Le riflessioni di Seneca, filosofo stoico vissuto nella Roma imperiale del I secolo a.C.
Lo sguardo segna in modo irripetibile il nostro stare al mondo e i significati di fondo con cui, tra consapevolezza e passività, lo abilitiamo.
“Preferiamo quindi immagazzinare senza tanti controlli e senza
inventario quel che apprendiamo, accatastare alla rinfusa le nostre
esperienze, seguire automaticamente comandamenti e divieti,
giudicare rozzamente e sbrigativamente quel che ci capita, soffrire
senza interrogarci a fondo sui motivi dell’inquietudine e
sui suoi possibili rimedi. Viviamo, in sostanza, come se fossimo
attraversati da torrenti di concetti e sentimenti torbidi, mossi da
criteri vaghi, immersi in una sorta d’incoscienza accettata come
inevitabile o perseguita come una corazza contro l’orrore del
vivere”.
In questa lucida riflessione di Remo Bodei, tratta dal suo:
Una scintilla di
fuoco.
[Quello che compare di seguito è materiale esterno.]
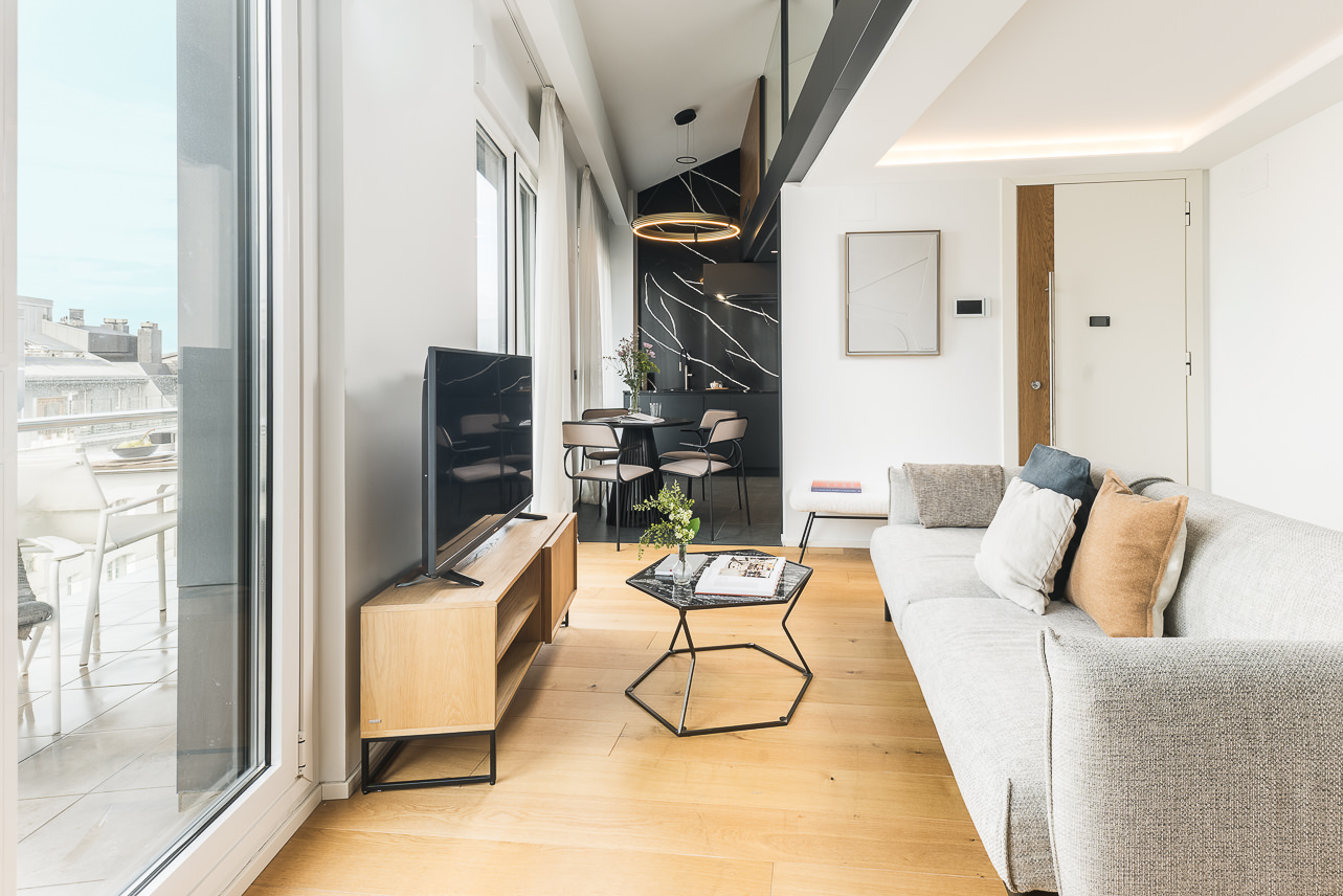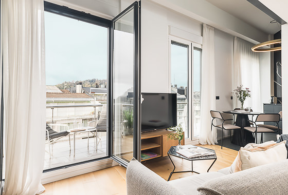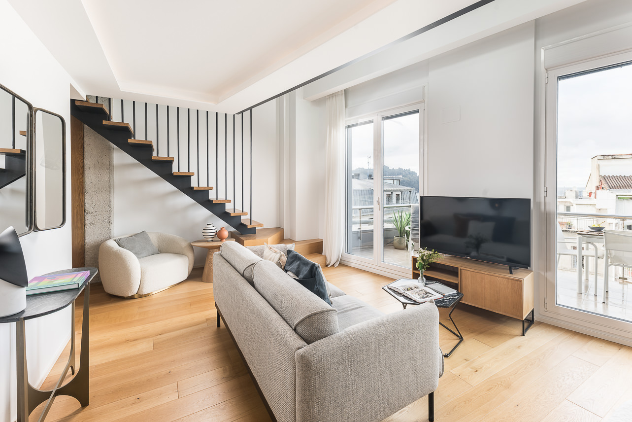 En la última planta de un edificio representativo en el prestigioso barrio de Miraconcha, este ático dúplex de 2 dormitorios ofrece una experiencia residencial singular, marcada por sus vistas abiertas al mar, su cuidada distribución en dos niveles y sus terrazas privadas. La vivienda combina diseño contemporáneo con una excelente entrada de luz natural, gracias a sus ventanales de suelo a techo y sus múltiples salidas al exterior. Su ubicación privilegiada permite disfrutar de una persp… Leer más
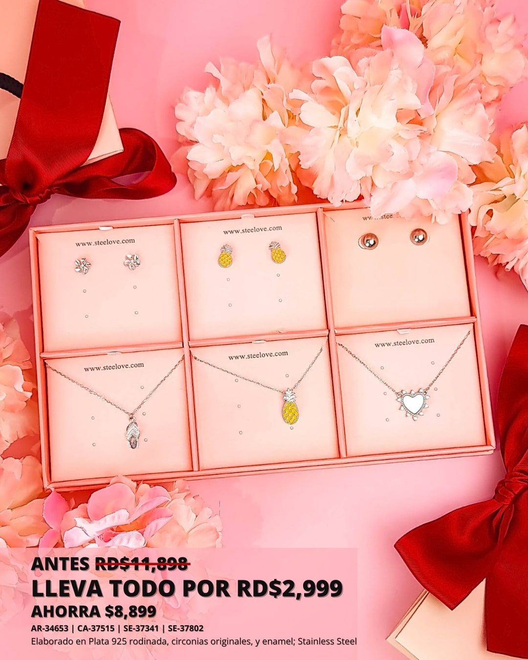 Plata 925 rodinada, circonias originales, y enamel; Stainless Steel

Invito alla filosofia, è sotteso, a mio
parere, quel rinvio alla centralità dello sguardo, e,
quindi, dell’occhio, come segno conoscitivo per eccellenza, al fine
di cogliere i molteplici segni della terra e del cielo e nominarli
con un discorso di senso.
La stessa filosofia
platonica, della quale l’Occidente è
profondamente debitore, è essenzialmente videocentrica:
l’occhio, nel quale si incarna il vedere, è l’organo
privilegiato nell’ordine del conoscere e dell’agire.
Nel Timeo e nella Repubblica, infatti, Platone sottolinea come
l’occhio sia fuoco della luce e del corpo, non abbia bisogno, a
differenza di altri organi di senso, del contatto, e, nella forma
esteriore, sia il più simile al sole, che simboleggia l’Idea
del Bene, cioè il culmine della conoscenza, a
cui conformare la nostra esistenza più autentica.
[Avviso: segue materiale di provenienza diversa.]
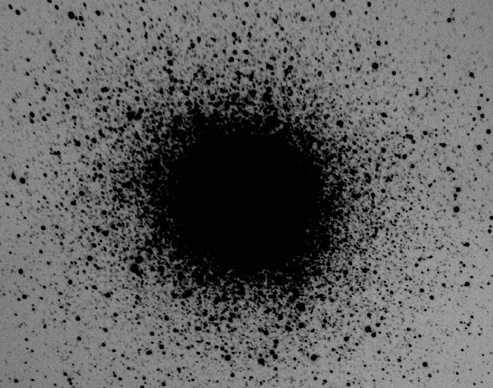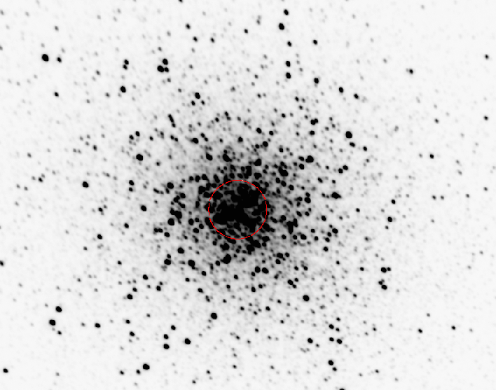 Na tako prikazani sliki se bolje vidi center kopice. Najprej moram natančno določiti center kopice. To se naredi z metodo centroid, to je izračuna se težišče (fluksa) kopice. Za začetne koordinate kopice, da ne ugibam preveč, uporabim kar kataloško vrednost recimo iz Simbada, ali pa dam, da mi kar iraf poišče:
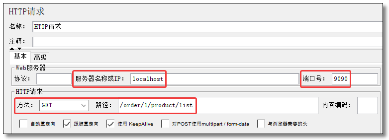 HTTP 请求配置为服务消费者的 http://localhost:9090/order/1/product/list
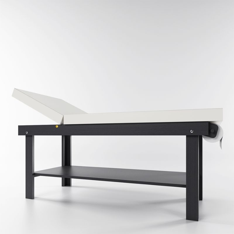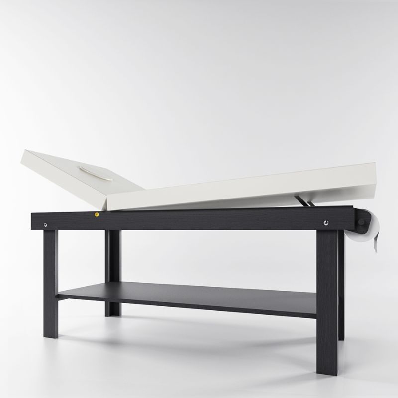 Realizzato in legno massello di faggio nella colorazione legno Wengè, completo di cuscineria in skai lavabile cucita sartorialmente in due colorazioni standard a scelta: Bianco o Beige. Minimal ed essenziale nella forma, robusto e compatto nella sostanza. Un connubio perfetto di essenzialità ed eleganza. Il lettino WELLNESS è corredato di testata regolabile grazie ad apposite cerniere in acciaio zincato, di una mensola inferiore porta oggetti e di un pratico porta rotolo.
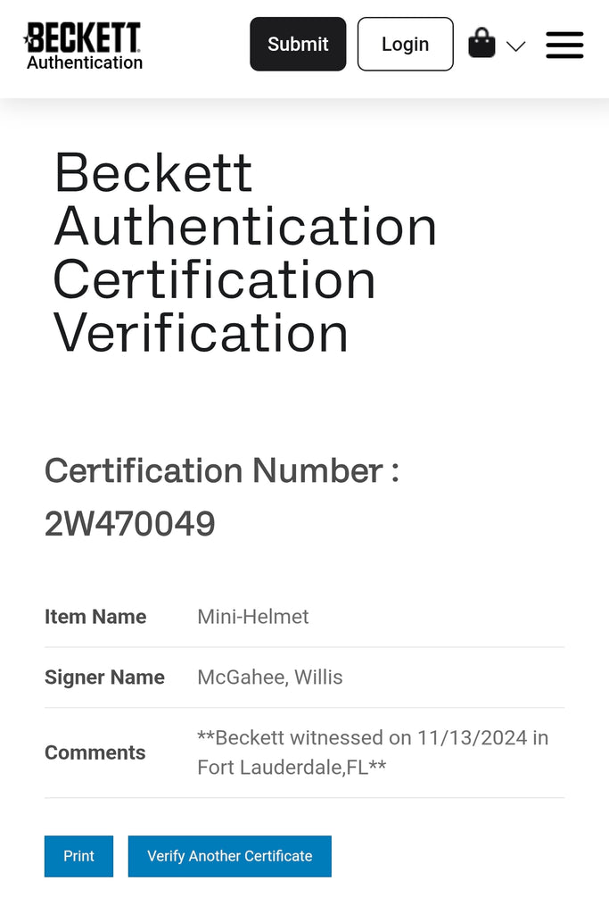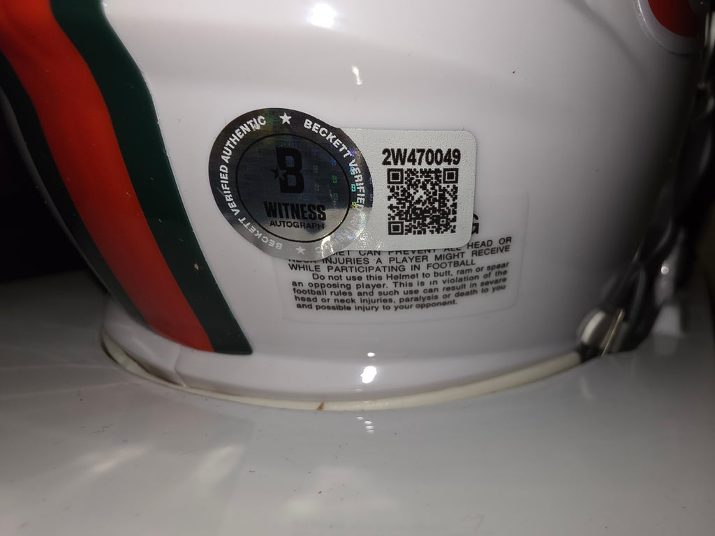 Miami Hurricanes Willis McGahee Autographed Speed Mini Helmet witnessed by Beckett Authentication Services. (BAS)
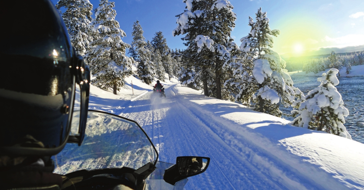 Outfitters in the Montana towns of Gardiner and West Yellowstone offer guided snowcoach and snowmobile tours to iconic spots like Old Faithful and Yellowstone Falls.
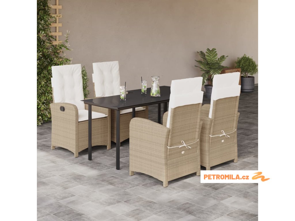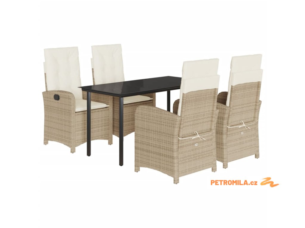 5dílný zahradní jídelní set s poduškami béžový polyratan
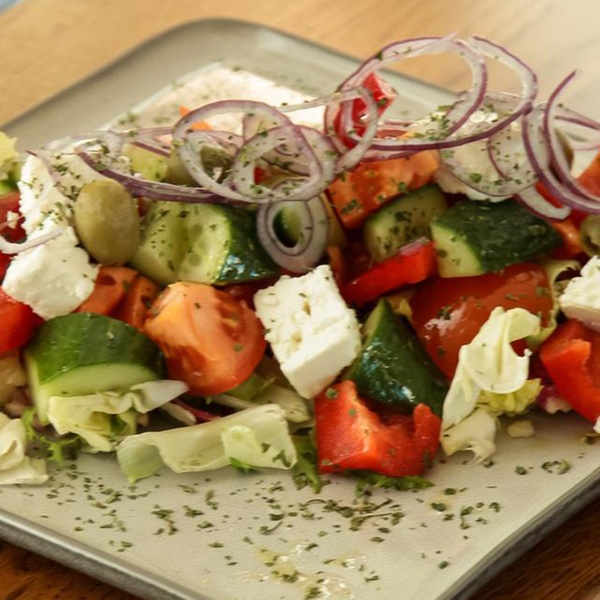 - Vorspeise: Frischer Salat mit Rucola, Garnelen und Avocado
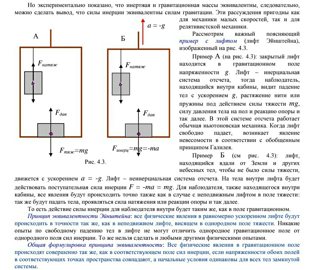 Лифт начинает равноускоренное движение( а если равномерное, то есть момент ускорения очень мал?). Что увидит наблюдатель? Ему ПОКАЖЕТСЯ, что объект начинает движение к полу лифта, с ускорение равным ускорению лифта. Об этоми точно так же пишет Эйнштейн и Купер("физика для всех" том 2). То есть они понимают, что "вверх" с ускорением движется лифт, а отнюдь не объект. Да и не может объект никуда двигаться, так как никакие силы на него в данный момент не действуют. Кроме разве слабого взаимодействия с корпусом лифта, обусловленном притяжением объекта и корпусом лифта. Но и в таком случае объект будет смещаться "вверх", что очевидно. Пока пол лифта не достигнет объекта, никаких инерционных свойств у объекта наблюдаться не будет. Вот когда лифт начнёт воздействовать на объект, проявятся свойства инерции, связанные с массой. О каком поле инерции говорит Эйнштейн? О какой эквивалентности ускорения и гравитационного поля? Если лифт находится на Земле или над Землей, то объект взаимодействуя с Землей( наблюдатель выпускает объект из руки) начинает РЕАЛЬНО двигаться к Земле. Что наблюдатель и фиксирует как процесс падения на пол лифта. А в лифте в отсутствии гравитации? Объект неподвижен, смещается "вверх" лифт, просто наблюдателю кажется , что объект движется в сторону пола лифта, да ещё и с ускорением. Получается, что Эйнштейн( и Купер) считают иллюзию движения и реальное движение эквивалентными? Отсюда делается вывод о наличии поля инерции, воздействующего на объект, под действием которого объект смещается к полу лифта? Забавно. Иллюзия движения порождает поле инерции соответствующее гравитационному? Рассмотрим " детский" пример:
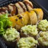 2 tartar – 2 guacamole – 4 philadelphia – 4 maki salmón – 8 salmón hot- 10 calentitos – 5 niguiris hot

In questo senso, esercitare gli occhi allo sguardo, alla visione,
significa liberarsi dalla zavorra delle opinioni, delle voci
inautentiche con cui il mondo cerca di intercettare la nostra
esistenza per manipolarla, omologarla, uniformarla secondo
linguaggi e saperi acritici, desertificando, di conseguenza, il
pensiero e amputando i nostri vissuti, le nostre irripetibili
biografie dei loro sentimenti più genuini.
L’occhio, dunque, è segno di uno sguardo verginale, di
una capacità di ri-leggere il mondo con un pensiero
autonomo, consapevole, del coraggio di percorrere
sentieri non ancora battuti, corroborati e fecondati – quasi
abitati da un dio – dallo spirito del viandante che, inquieto,
articola senza posa, in ampiezza e profondità, domande
sempre nuove.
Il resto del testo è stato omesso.